A freelancer also has inherent calendar limitations. If a deadline changes, or it turns out the project scope is much bigger than anticipated, but the deadline remains, there is no spare capacity to have two or more people work on the job. Some of these risks may also lead to the job not being completed the first go around.
A freelancer may not have as good an infrastructure or workflow discipline. No guarantee that the original project was backed up, or licenses required for the project may have expired. All kinds of scenarios.
And more of this. In the US we sometimes call that the ‘Bus Test’. Would your project get completed if the artists gets hit by a bus? In many cases the answer is no.
In short, the client optimized price and accepted certain risks. Now if they client later-on needs a change and the freelancer they worked with is not able to do that, this 100% on the client. They saved money and accepted that risk. The client then has to pay another artist to redo the work at full rate.
So this is not an issue with Nuke Indie. And it’s not your problem. It’s an opportunity for you to do business with the client now and get paid your normal rate. Or at least it should be that way.

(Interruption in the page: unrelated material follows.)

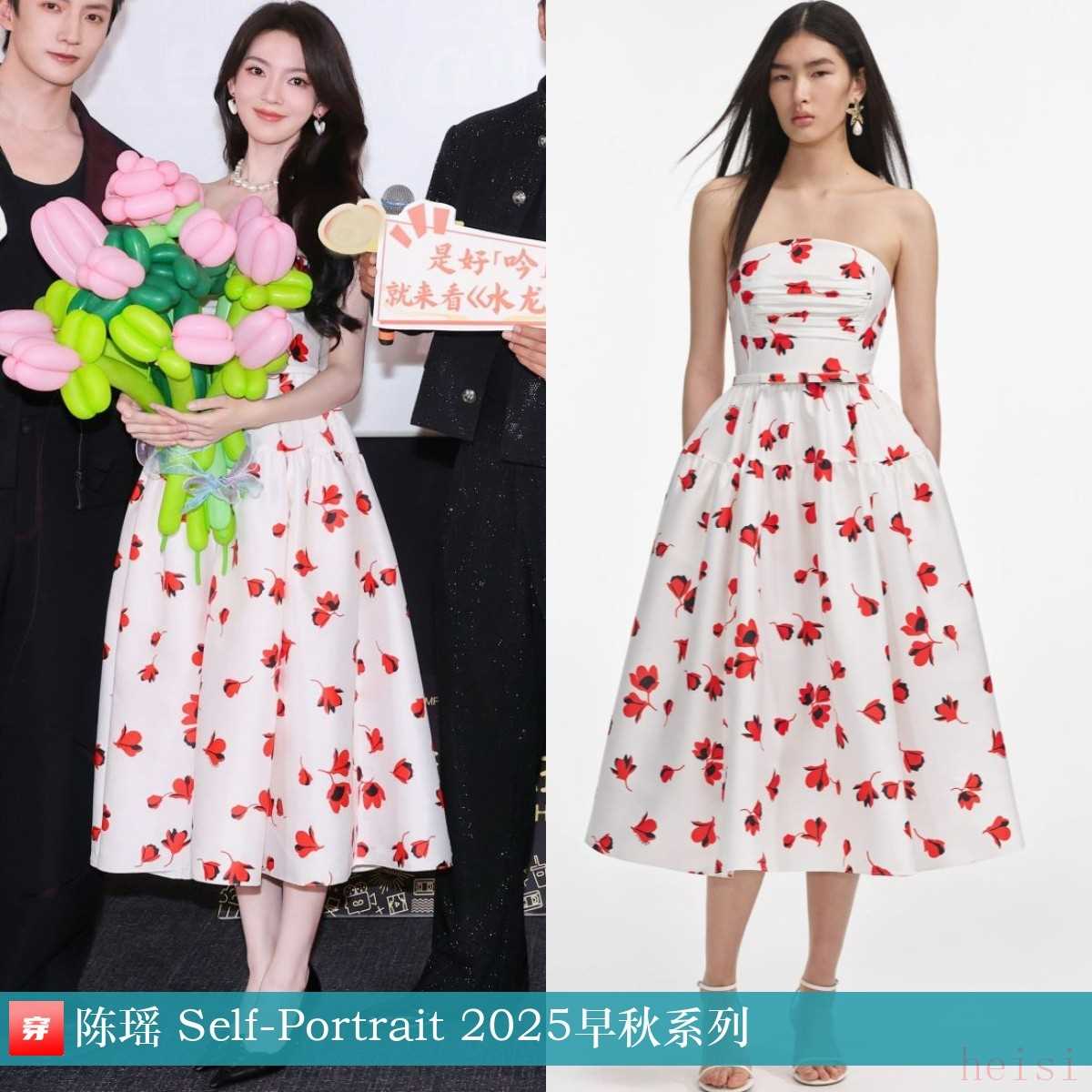 陈瑶,《水龙吟》追剧团活动。红白印花抹胸连衣裙:Self-Portrait 2025早秋系列。

In the current market in the US, with many more artists being freelance I actually see that as an opportunity - for groups of freelancers (or better individual artists) to get together and form virtual studios. These can provide clients with an in-between value product. It is still maybe at a 20% discount to the studio, but now includes redundancy, spare capacity, improved workflows, and possibly even some other infrastructure. But not a nice office to go to, or a fancy name they can say ‘our VFX was done by XZY’ which everyone is impressed with.
Regarding pricing of tools in international markets - that is a real issue, and that falls on Autodesk, Foundry and others, to make sure that to the extend possible tools are priced based on local market rates, not the US market.
What you are saying actually makes a lot of sense, I gotta say I loved the “Bus test” concept.
I couldn’t agree more regarding pricing, In fact I think only Adobe adapts prices locally.